SUPPLIED INFORMATION:
● ● ● ●

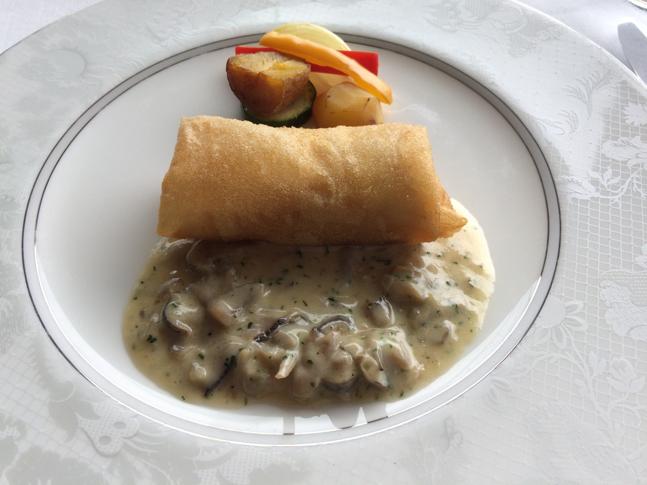スープにミネストローネ、メインはヒラメをクレープ生地のようなもので包んで揚げてあるものにキノコのホワイトソースがかかっていて、また食べに来たいと思うほど、すごく美味しかったです。パンはバターロールとフランスパンが付き、フランスパンはお代わりもお願いしました。デザートはいつもこちらのホテルで買うのとは違う濃厚なチーズケーキで、これも美味しかったです。コーヒーのお代わりも頂き、大満足ランチでした。
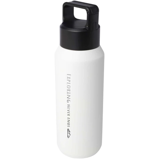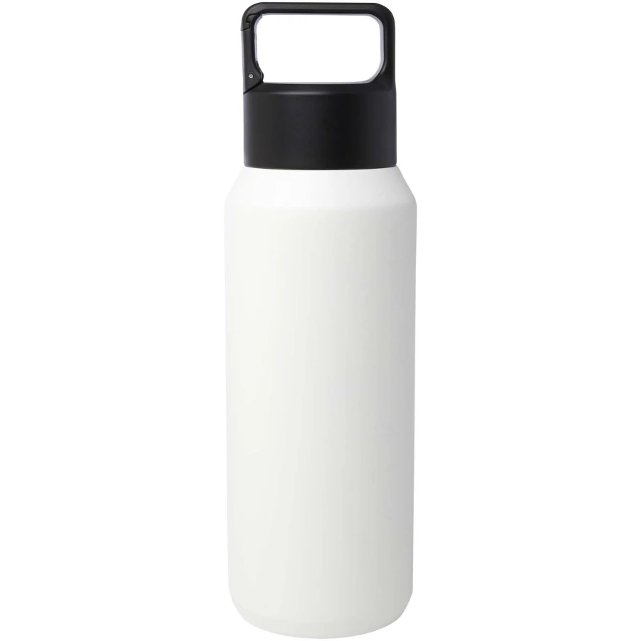 Butelka na wodę z podwójną ścianką ze stali nierdzewnej z funkcją izolacji próżniowej, wykonana z miedzi, z certyfikatem RCS, wyposażona w zakrętkę z wbudowanym karabińczykiem, dzięki czemu można ją łatwo przymocować do torby lub paska. Nadaje się również do napojów gazowanych. Zapakowane w pudełko upominkowe wykonane z kartonu z recyklingu. Pojemność: 600 ml.
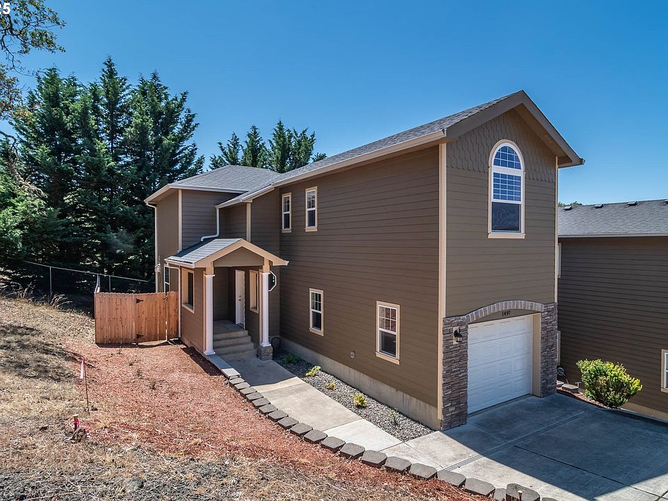 Welcome to this stunning newly completed detached condominium located in a quiet, desirable neighborhood in beautiful Roseburg, Oregon. This end-unit home offers exceptional privacy and sweeping mountain views, perfect for enjoying peaceful mornings and tranquil evenings. Boasting 3 spacious bedrooms and 2.1 modern baths, this thoughtfully designed home features an open-concept living area with a cozy gas fireplace and sleek stainless steel appliances in the kitchen. The home is equipped with efficient ductless heating and air conditioning, ensuring comfort year-round. Enjoy outdoor living in your fully fenced yard, ideal for pets, gardening, or relaxing in your own private oasis. Additional highlights include an attached garage, private driveway, and the rare benefit of being a detached condo, combining the convenience of condo living with the space and feel of a single-family home. Don't miss this unique opportunity to own a low-maintenance, move-in ready home with modern finishes and gorgeous natural surroundings. Schedule your tour today!
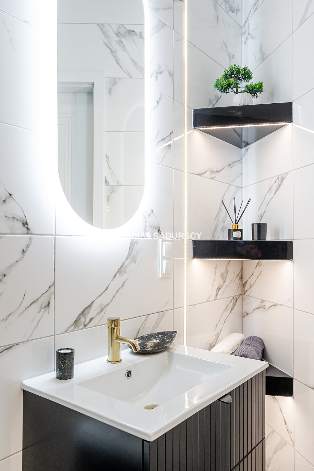 wygodna przestronna garderoba z dużą ilością półek oraz miejscem na pralkę i suszarkę,

● ● ● ●

TRY IT: Repeat the data above in full and exactly. Omit every image.

EXERCISE RESPONSE:
スープにミネストローネ、メインはヒラメをクレープ生地のようなもので包んで揚げてあるものにキノコのホワイトソースがかかっていて、また食べに来たいと思うほど、すごく美味しかったです。パンはバターロールとフランスパンが付き、フランスパンはお代わりもお願いしました。デザートはいつもこちらのホテルで買うのとは違う濃厚なチーズケーキで、これも美味しかったです。コーヒーのお代わりも頂き、大満足ランチでした。
 Butelka na wodę z podwójną ścianką ze stali nierdzewnej z funkcją izolacji próżniowej, wykonana z miedzi, z certyfikatem RCS, wyposażona w zakrętkę z wbudowanym karabińczykiem, dzięki czemu można ją łatwo przymocować do torby lub paska. Nadaje się również do napojów gazowanych. Zapakowane w pudełko upominkowe wykonane z kartonu z recyklingu. Pojemność: 600 ml.
 Welcome to this stunning newly completed detached condominium located in a quiet, desirable neighborhood in beautiful Roseburg, Oregon. This end-unit home offers exceptional privacy and sweeping mountain views, perfect for enjoying peaceful mornings and tranquil evenings. Boasting 3 spacious bedrooms and 2.1 modern baths, this thoughtfully designed home features an open-concept living area with a cozy gas fireplace and sleek stainless steel appliances in the kitchen. The home is equipped with efficient ductless heating and air conditioning, ensuring comfort year-round. Enjoy outdoor living in your fully fenced yard, ideal for pets, gardening, or relaxing in your own private oasis. Additional highlights include an attached garage, private driveway, and the rare benefit of being a detached condo, combining the convenience of condo living with the space and feel of a single-family home. Don't miss this unique opportunity to own a low-maintenance, move-in ready home with modern finishes and gorgeous natural surroundings. Schedule your tour today!
 wygodna przestronna garderoba z dużą ilością półek oraz miejscem na pralkę i suszarkę,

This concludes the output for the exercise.